**What needs to be done**
Return, with both end lines included, exactly what the data below holds from the line with "My happiest Halloween’s" through the line with "4. Символьный типПредназначен", though not the pictures.

**Data provided**
* * * * *
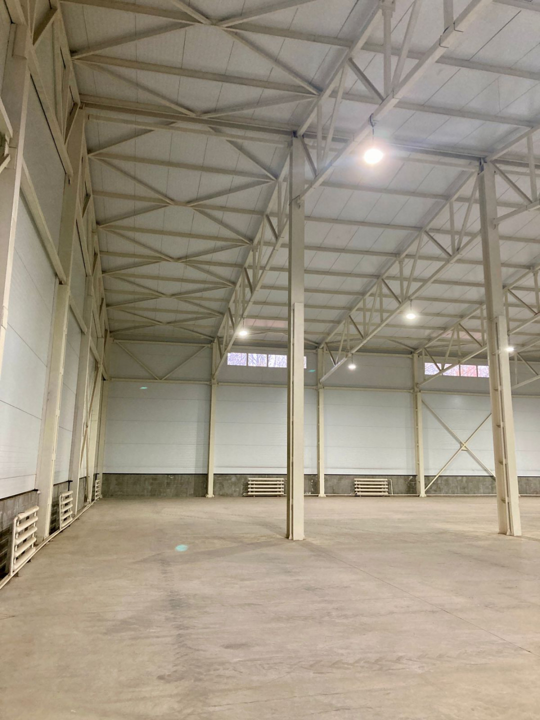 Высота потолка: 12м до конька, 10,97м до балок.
* * * * *
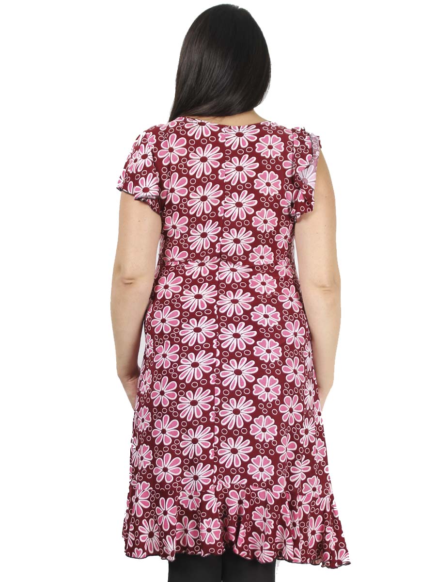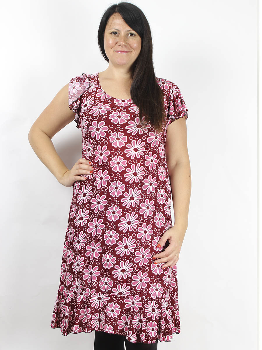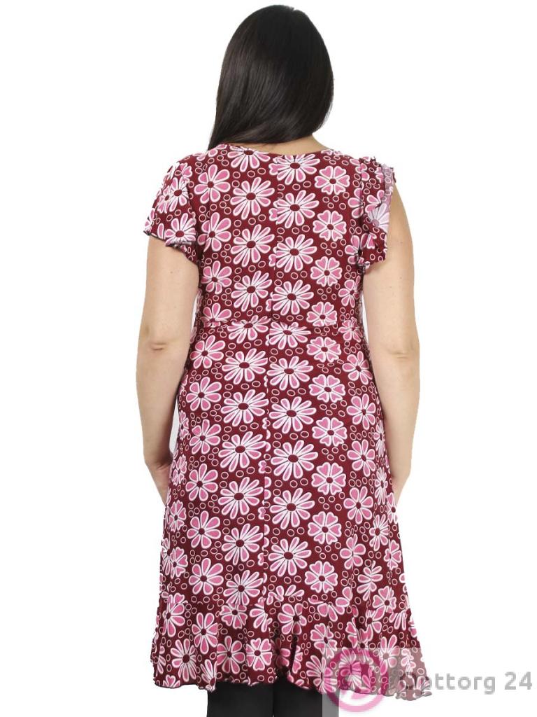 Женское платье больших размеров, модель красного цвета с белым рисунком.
* * * * *
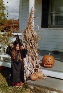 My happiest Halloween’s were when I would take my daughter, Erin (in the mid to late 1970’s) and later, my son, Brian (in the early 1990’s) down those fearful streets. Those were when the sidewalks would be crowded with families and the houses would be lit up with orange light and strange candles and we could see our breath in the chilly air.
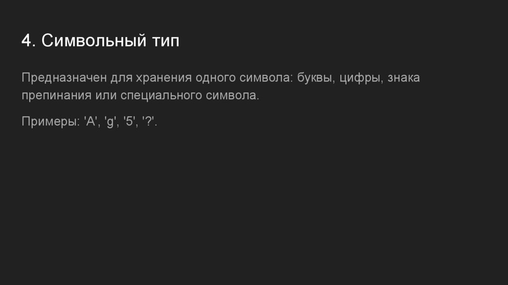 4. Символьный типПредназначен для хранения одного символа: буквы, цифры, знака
* * * * *
**Answer for this exercise**
 My happiest Halloween’s were when I would take my daughter, Erin (in the mid to late 1970’s) and later, my son, Brian (in the early 1990’s) down those fearful streets. Those were when the sidewalks would be crowded with families and the houses would be lit up with orange light and strange candles and we could see our breath in the chilly air.
 4. Символьный типПредназначен для хранения одного символа: буквы, цифры, знака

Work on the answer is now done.